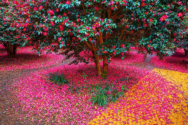 카멜리아 힐은 넓은 정원에 다양한 동백나무 품종이 심겨 있어 꽃의 색감과 크기가 다채롭습니다.
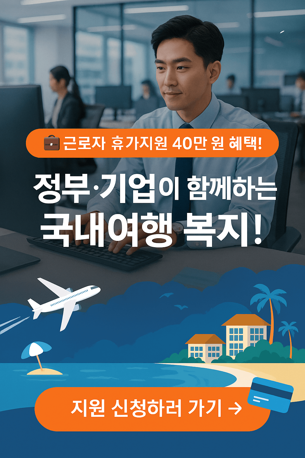 직원들이 휴가를 꿈꾸지만, 회사는 경비 문제로 지원을 망설이고, 직원들은 개인 비용으로 떠나기엔 부담이 큽니다. 결국 휴가는 반쪽짜리로 끝나버리는 현실. '복지 혜택은 대기업만 가능한 것인가?'라는 생각을 이제 바꿀 때입니다. 정부와 함께하는 이 제도가 그 해답이 될 수 있습니다.
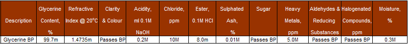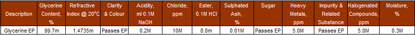 Glycerin EP 99.7% note: M=Maximum m=Minimum

==*==

Work order: Leaving out the images, repeat the listing above exactly.

Result of this task:
 카멜리아 힐은 넓은 정원에 다양한 동백나무 품종이 심겨 있어 꽃의 색감과 크기가 다채롭습니다.
 직원들이 휴가를 꿈꾸지만, 회사는 경비 문제로 지원을 망설이고, 직원들은 개인 비용으로 떠나기엔 부담이 큽니다. 결국 휴가는 반쪽짜리로 끝나버리는 현실. '복지 혜택은 대기업만 가능한 것인가?'라는 생각을 이제 바꿀 때입니다. 정부와 함께하는 이 제도가 그 해답이 될 수 있습니다.
 Glycerin EP 99.7% note: M=Maximum m=Minimum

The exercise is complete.